--- What you need to do ---
Given the entries below, would you transcribe exactly the lines starting at the one with "That night the" and ending at the one with "El F22 es un", both kept, pictures omitted, nothing extra?

--- Input ---
---------------
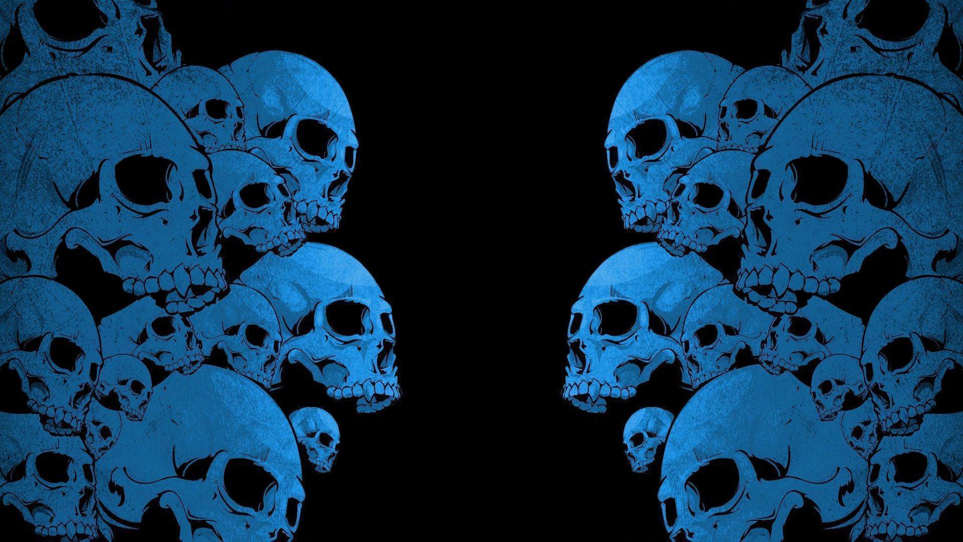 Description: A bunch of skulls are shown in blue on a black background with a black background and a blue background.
---------------
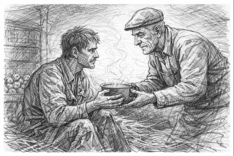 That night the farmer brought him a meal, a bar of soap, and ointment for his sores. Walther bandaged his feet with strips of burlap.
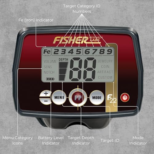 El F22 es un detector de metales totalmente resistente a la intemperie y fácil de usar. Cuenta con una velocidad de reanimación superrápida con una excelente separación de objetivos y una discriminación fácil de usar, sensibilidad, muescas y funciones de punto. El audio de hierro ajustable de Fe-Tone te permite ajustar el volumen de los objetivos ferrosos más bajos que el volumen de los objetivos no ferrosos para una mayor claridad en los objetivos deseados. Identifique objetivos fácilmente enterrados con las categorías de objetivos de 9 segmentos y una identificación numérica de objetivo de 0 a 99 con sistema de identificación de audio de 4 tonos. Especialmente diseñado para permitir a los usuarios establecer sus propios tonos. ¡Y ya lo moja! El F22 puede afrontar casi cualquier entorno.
---------------
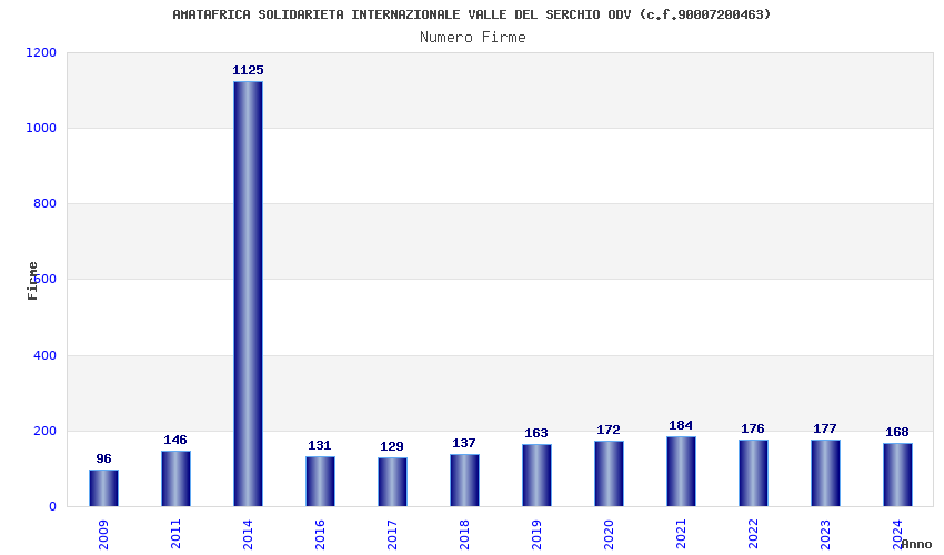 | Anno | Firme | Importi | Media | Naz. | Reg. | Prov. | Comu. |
---------------
--- Answer to this problem ---
 That night the farmer brought him a meal, a bar of soap, and ointment for his sores. Walther bandaged his feet with strips of burlap.
 El F22 es un detector de metales totalmente resistente a la intemperie y fácil de usar. Cuenta con una velocidad de reanimación superrápida con una excelente separación de objetivos y una discriminación fácil de usar, sensibilidad, muescas y funciones de punto. El audio de hierro ajustable de Fe-Tone te permite ajustar el volumen de los objetivos ferrosos más bajos que el volumen de los objetivos no ferrosos para una mayor claridad en los objetivos deseados. Identifique objetivos fácilmente enterrados con las categorías de objetivos de 9 segmentos y una identificación numérica de objetivo de 0 a 99 con sistema de identificación de audio de 4 tonos. Especialmente diseñado para permitir a los usuarios establecer sus propios tonos. ¡Y ya lo moja! El F22 puede afrontar casi cualquier entorno.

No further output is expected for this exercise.